**Goal of the exercise**
Reproduce the records below exactly from their first line through the line containing "Ecru and terracotta", omitting all pictures.

**Recorded information**
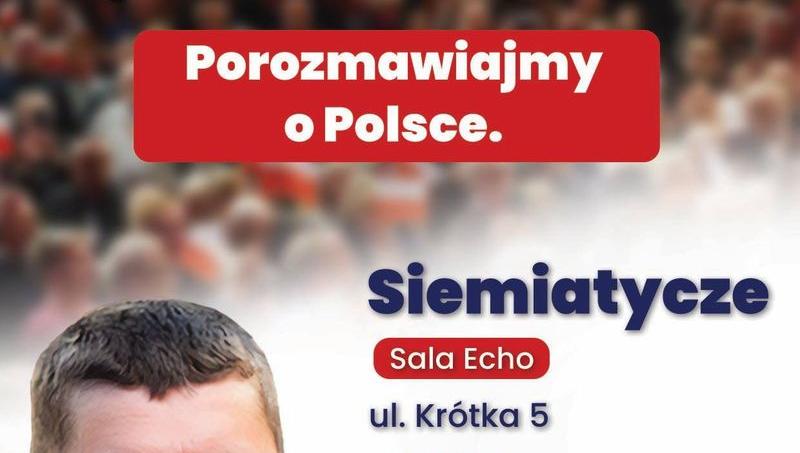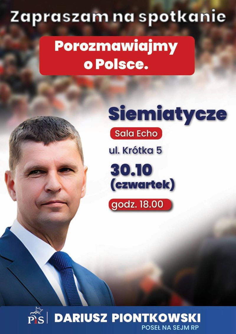 „Porozmawiajmy o Polsce” - pod tym hasłem w Siemiatyczach odbędzie się otwarte spotkanie z posłem na Sejm RP, Dariuszem Piontkowskim. Będzie to okazja, by wysłuchać wystąpienia posła oraz zadać pytania dotyczące bieżącej sytuacji politycznej, spraw regionu i przyszłości Polski.
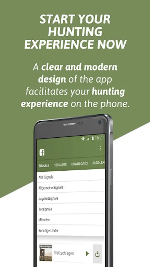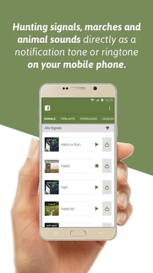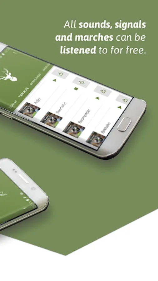 It is very easy to set the popular hunting sounds (hunting signals, hunting horn signals, hunting marches or animal sounds) as a ringtone, notification tone, SMS receive signal or alarm clock. The new Signal Manager provides a perfect overview of already downloaded sounds. There is the possibility via a one-time in-app purchase to get all sounds in the app.
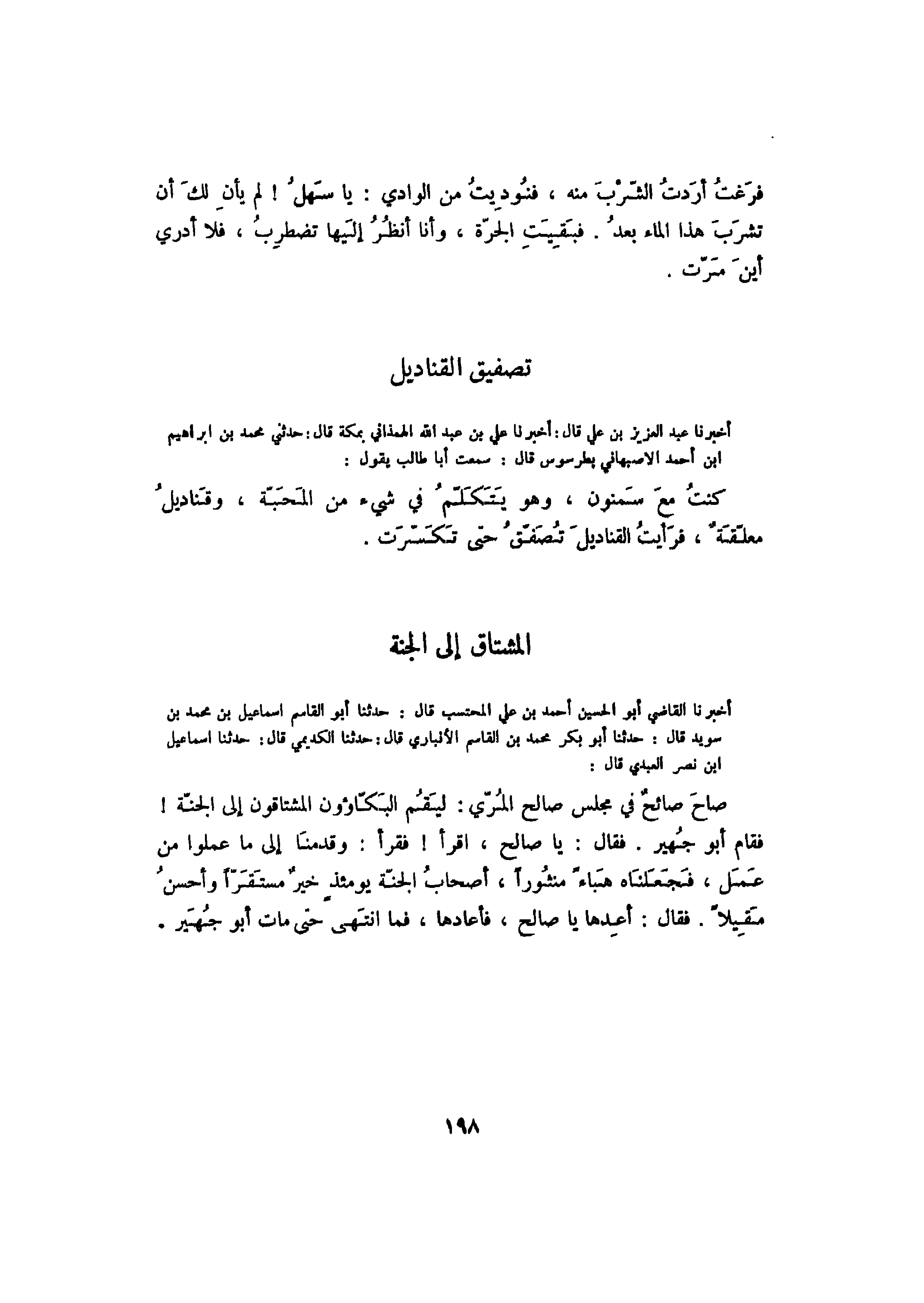 فرغت أردت الشرب منه، فنوديت من الوادي: يا سهل! لم يأن لك أن تشرب هذا الماء بعد. فبقيت الجرة، وأنا أنظر إليها تضطرب، فلا أدري أين مرت.
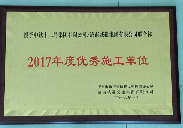 R3线土建五标济南城建/中铁十二局联合体项目部荣获济南轨道交通集团有限公司“优秀施工单位”荣誉称号
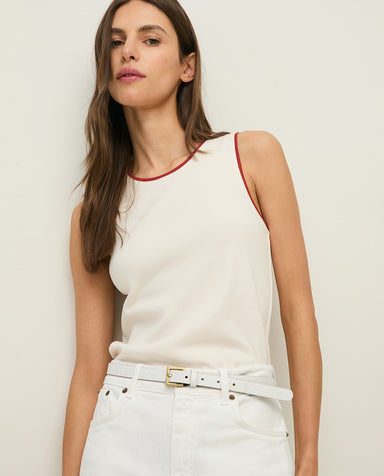 Ecru and terracotta cotton top. Slim fit. Round neckline. Wide straps. Contrasting neckline and armholes. Length from shoulder: 58 cm (size S). Com...
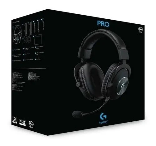 Dimensiones Longitud: 138 mm Ancho: 94 mm Altura: 195 mm Peso: 320 g Longitud de cable de PC: 2 m Divisor de PC: 120 mm Especificaciones técnicas Audífono Transductor: Malla híbrida PRO-G de 50 mm Imán: Neodimio Respuesta de frecuencia: 20 Hz - 20 kHz Impedancia: 32 ohmios Sensibilidad: 91,7 dB SPL a 1 mW y 1 cm Materiales: Horquilla: Aluminio Diadema: acero Almohadillas de audífonos y diadema: Piel sintética y espuma viscoelástica Micrófono Pro Patrón de captación de micrófono: Cardioide (unidireccional) Tipo: Condensador de electreto Tamaño: 6 mm Respuesta de frecuencia: 100 Hz-10 KHz Compatibilidad: PC con puerto USB Windows® 7 o posterior Conexión a Internet para descarga de software opcional: Las funciones avanzadas requieren un puerto USB y el software Logitech G HUB. Descargable desde LogitechG.com/GHUB En la Caja Audífonos con micrófono PRO para juegos Almohadillas de piel sintética y espuma viscoelástica Tarjeta de sonido USB externa Micrófono extraíble Cable de 2 m con volumen y silenciamiento integrados Divisor en Y para puertos de micrófono y audífonos Documentación del usuario
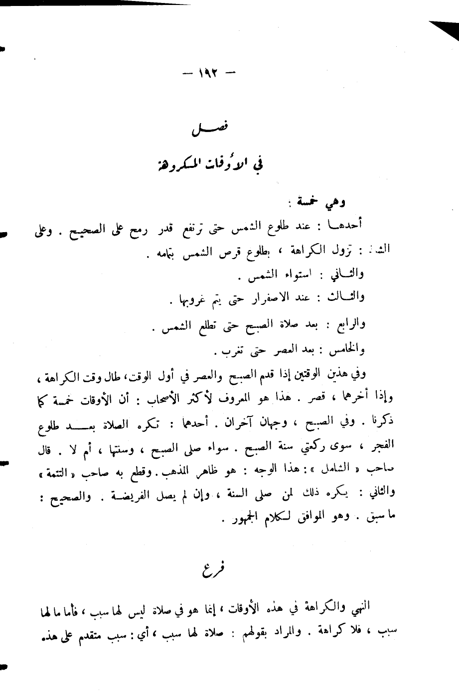 فِي الْأَوْقَاتِ الْمَكْرُوهَةِ.
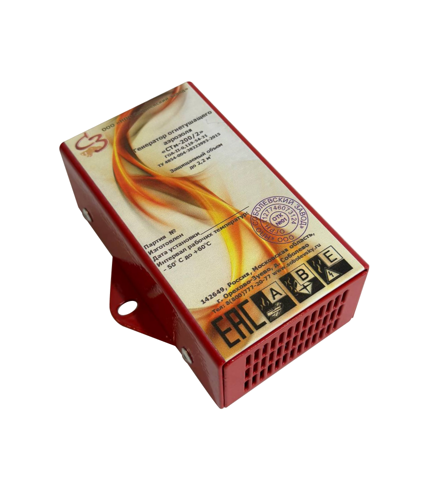 Автономный автоматический модуль аэрозольного пожаротушения «СТм, СТт» предназначен для локализации и ликвидации пожаров на начальных стадиях развития в условно-герметичном объеме: электрошкафах, распределительных устройствах электросетей и связи, радиорелейных и телефонных ретрансляторах, закрытых двигательных отсеках и грузовых отделениях транспортных средств и т.п.
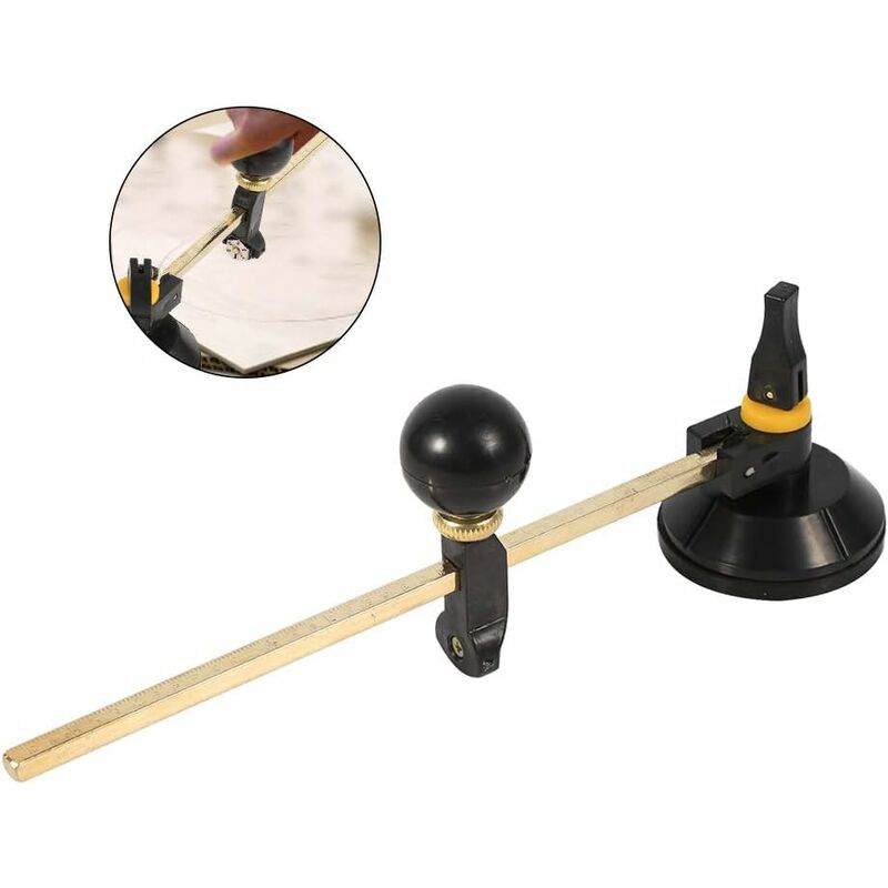 Questo tagliavetro professionale è realizzato in gomma e alluminio di alta qualità con rame placcato, ecologico, durevole e robusto da usare. Tagliavetro circolare regolabile, pulsante tondo, ventosa che tiene il centro mentre il quadrante taglia. La leva ha scale chiare che ne facilitano la lettura. Stile bussola e Max. Cerchio Dia. di taglio è di 40 cm. Questo utensile da taglio è perfetto per hobbisti e tagliatori di vetro professionisti. Specifica: Condizione: 100% nuovo di zecca Colore: mostrato come immagine Materiale: gomma e alluminio Lunghezza totale: ca. 30 cm / 11,8 pollici Diametro ventosa: ca. 5,5 cm / 2,2 pollici Lunghezza leva: ca. 20 cm / 7,9 "" Max. Diametro del cerchio: ca. 40 cm / 15,7 "" Peso del pacchetto: ca. 130 g
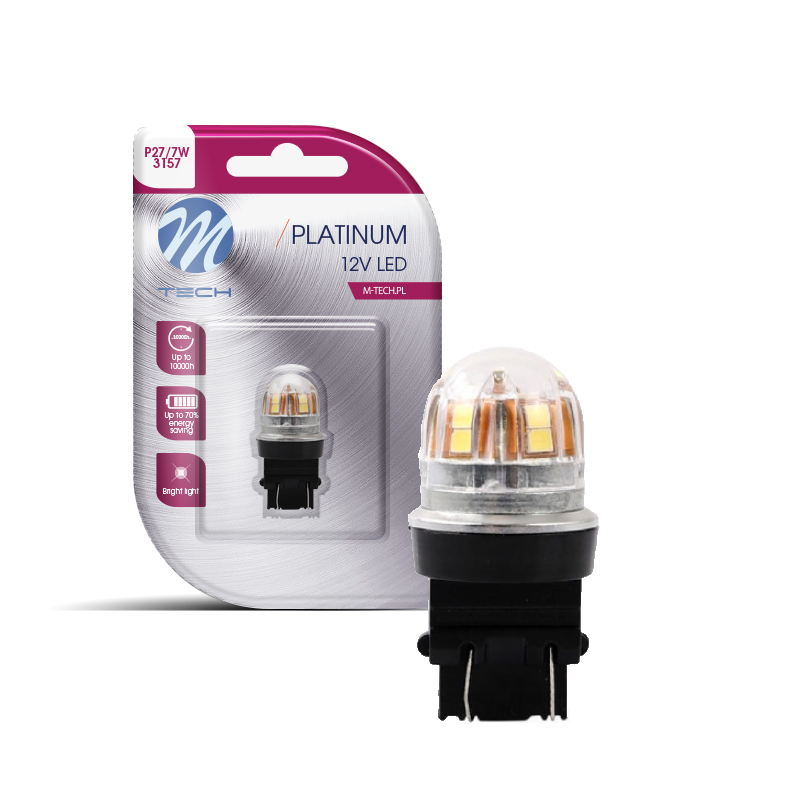 Żarówka LED P27/7W 3157 to nowoczesny zamiennik tradycyjnych żarówek halogenowych stosowanych w oświetleniu samochodowym. Dzięki technologii LED zapewnia jasne, wyraźne światło o barwie białej, które poprawia widoczność oraz nadaje pojazdowi nowoczesny wygląd.
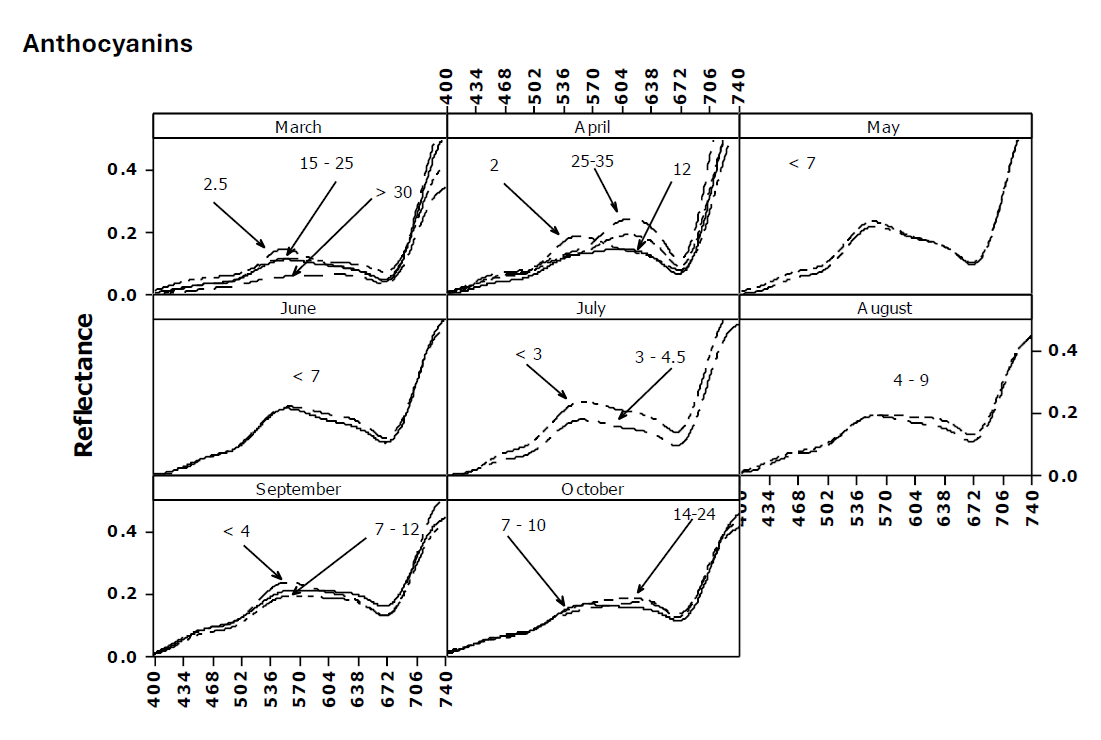 The temporal dynamics of anthocyanin accumulation are particularly striking. Figure 3 displays spectral reflectance patterns across the growing season (March through October) with varying anthocyanin concentrations labeled on each panel. Key observations include:
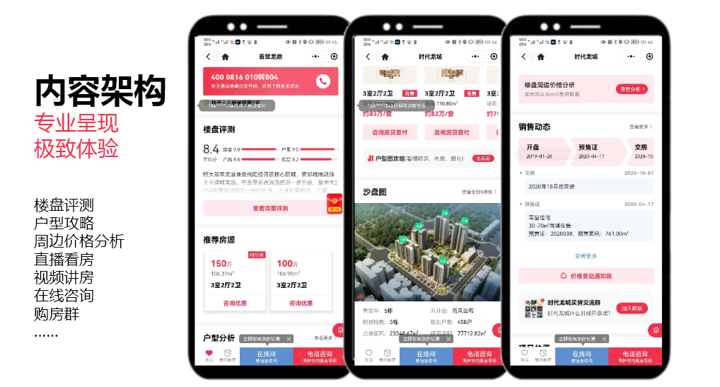 楼盘评测、户型攻略、周边价格分析等此类功能可以帮助购房者对于心仪楼盘有一个详细了解,平台站在带三方的角度去做楼盘评测,这就给购房者创造了价值内容。
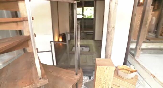 リポート「東山にやって来ました。こちら一見普通のアパートに見えますが中に入るとお風呂に、囲炉裏がありますね??」
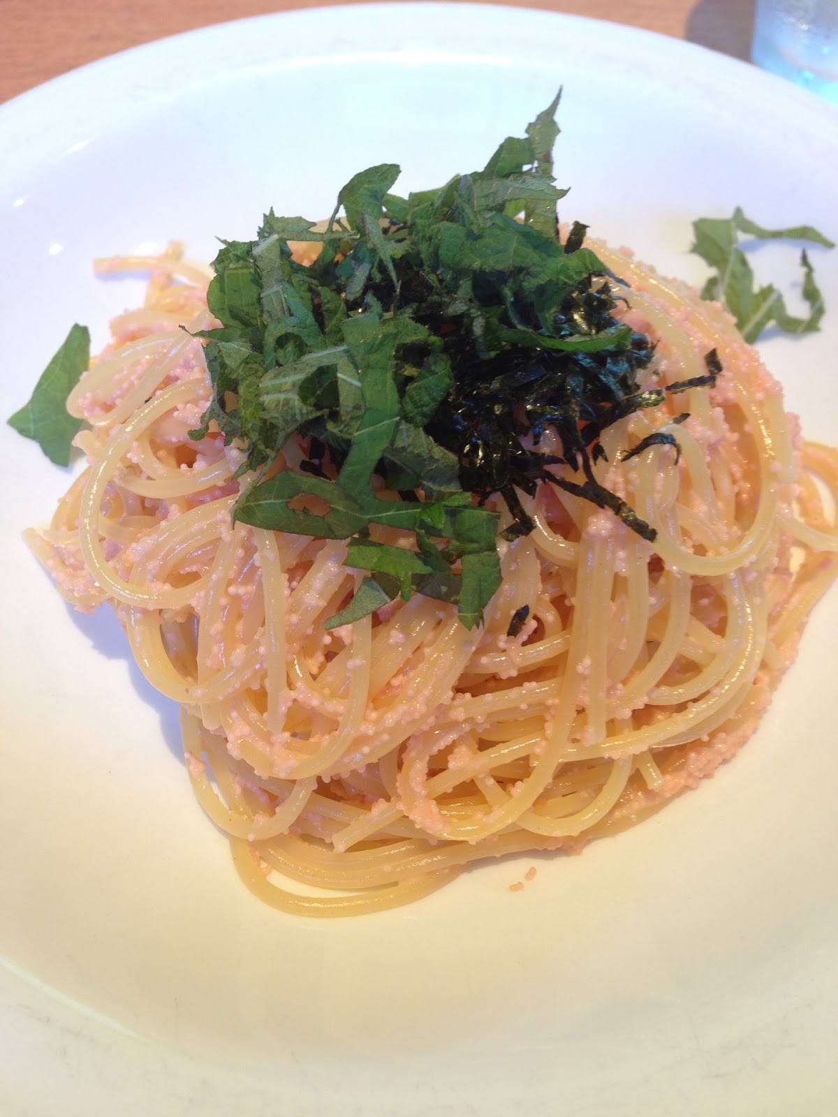 この日は明太子クリームパスタ、通常の一人前より少なめに盛られています。
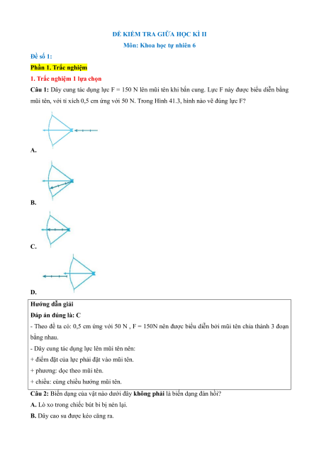 Câu 1: Dây cung tác dụng lực F = 150 N lên mũi tên khi bắn cung. Lực F này được biểu diễn bằng
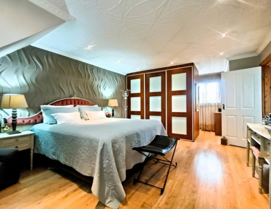 Accommodation comprises five generously proportioned bedrooms, providing ample space for family and guests, serviced by two elegantly finished bathrooms. Outside, the property transforms into a private oasis, featuring a sparkling swimming pool set within a meticulously maintained garden. Extensive paving enhances the outdoor aesthetic, while a secure fence and total perimeter walling ensure utmost privacy and peace of mind. Further enhancing the property's appeal are a dedicated garage and two additional parking spaces, catering to all vehicular needs.
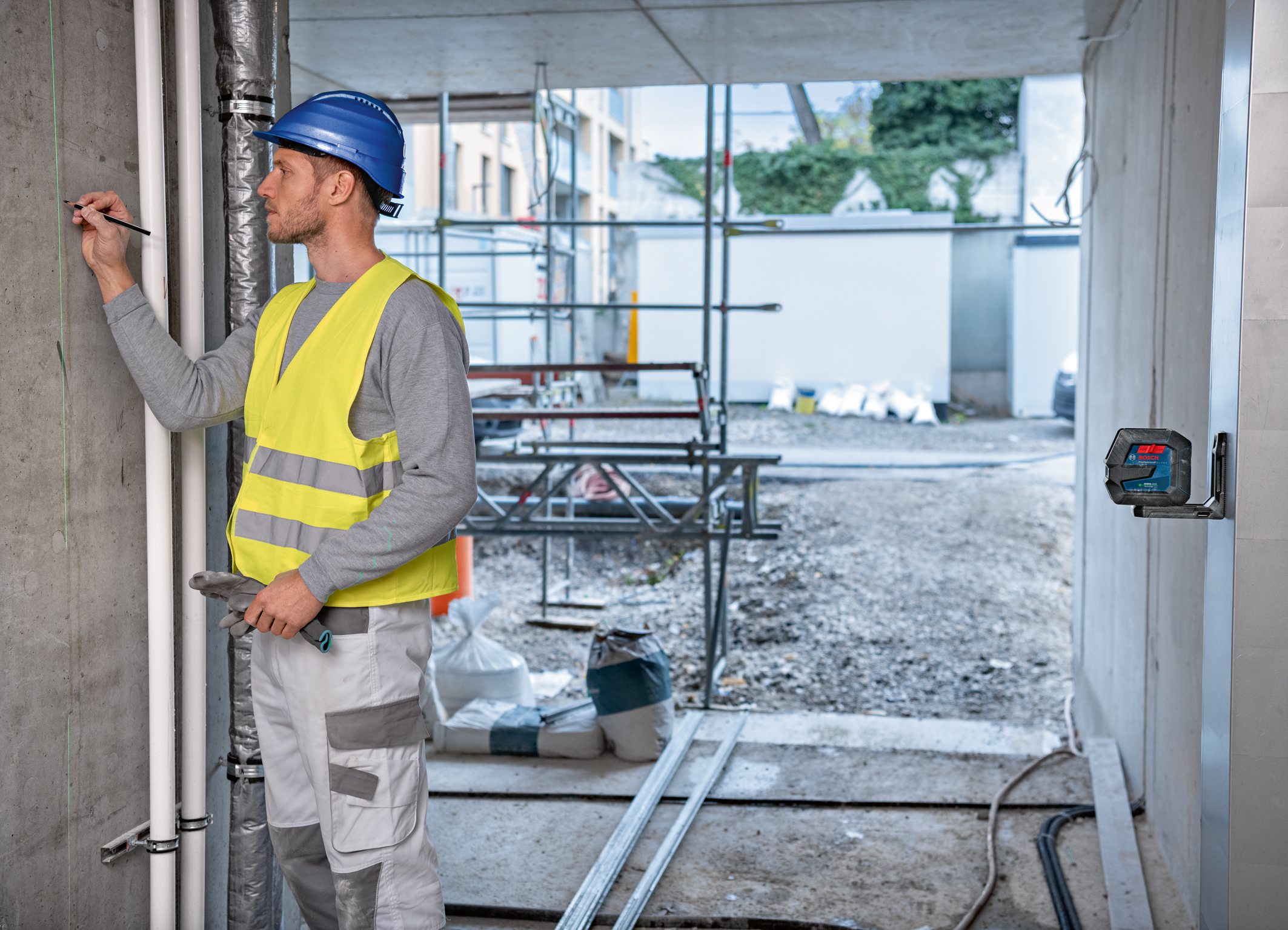 The line laser GLL 2-15 G Professional can be flexibly mounted and used just like the combi laser GCL 2-50 G Professional. The different mounts, in this case the LB 10 Professional, are simply screwed to wooden beams or adhere to iron girders and other magnetic components due to particularly strong magnets. Furthermore, both lasers can be mounted on standard tripods with a ¼” thread or suspended from existing profiles using a ceiling clamp.
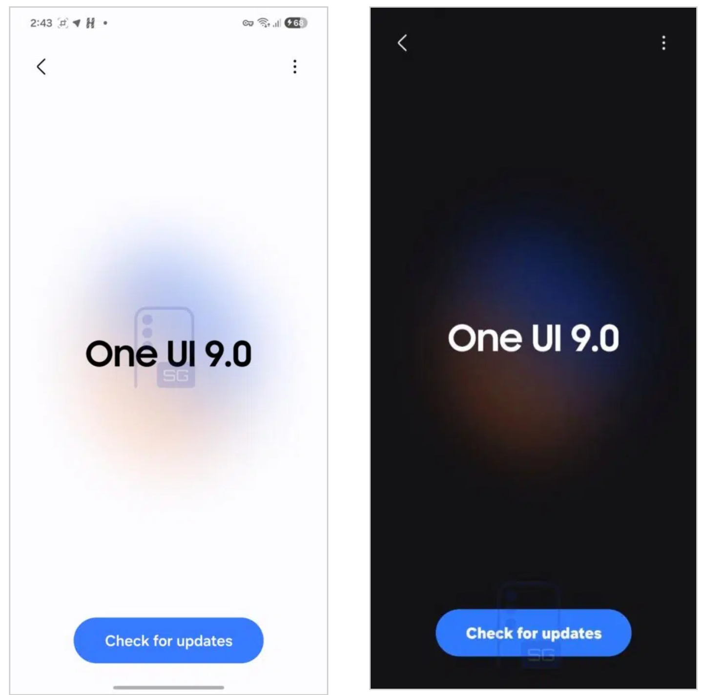 在视觉设计方面,One UI 9 的“检查更新”页面清晰显示了“One UI 9.0”字样,背景主题方面采用了红蓝配色,而 One UI 8.5 采用蓝绿配色。此外,软件安装屏幕也浮现出一张新的 One UI 9 主题图片,整体设计简洁。

**Result of the task**
 „Porozmawiajmy o Polsce” - pod tym hasłem w Siemiatyczach odbędzie się otwarte spotkanie z posłem na Sejm RP, Dariuszem Piontkowskim. Będzie to okazja, by wysłuchać wystąpienia posła oraz zadać pytania dotyczące bieżącej sytuacji politycznej, spraw regionu i przyszłości Polski.
 It is very easy to set the popular hunting sounds (hunting signals, hunting horn signals, hunting marches or animal sounds) as a ringtone, notification tone, SMS receive signal or alarm clock. The new Signal Manager provides a perfect overview of already downloaded sounds. There is the possibility via a one-time in-app purchase to get all sounds in the app.
 فرغت أردت الشرب منه، فنوديت من الوادي: يا سهل! لم يأن لك أن تشرب هذا الماء بعد. فبقيت الجرة، وأنا أنظر إليها تضطرب، فلا أدري أين مرت.
 R3线土建五标济南城建/中铁十二局联合体项目部荣获济南轨道交通集团有限公司“优秀施工单位”荣誉称号
 Ecru and terracotta cotton top. Slim fit. Round neckline. Wide straps. Contrasting neckline and armholes. Length from shoulder: 58 cm (size S). Com...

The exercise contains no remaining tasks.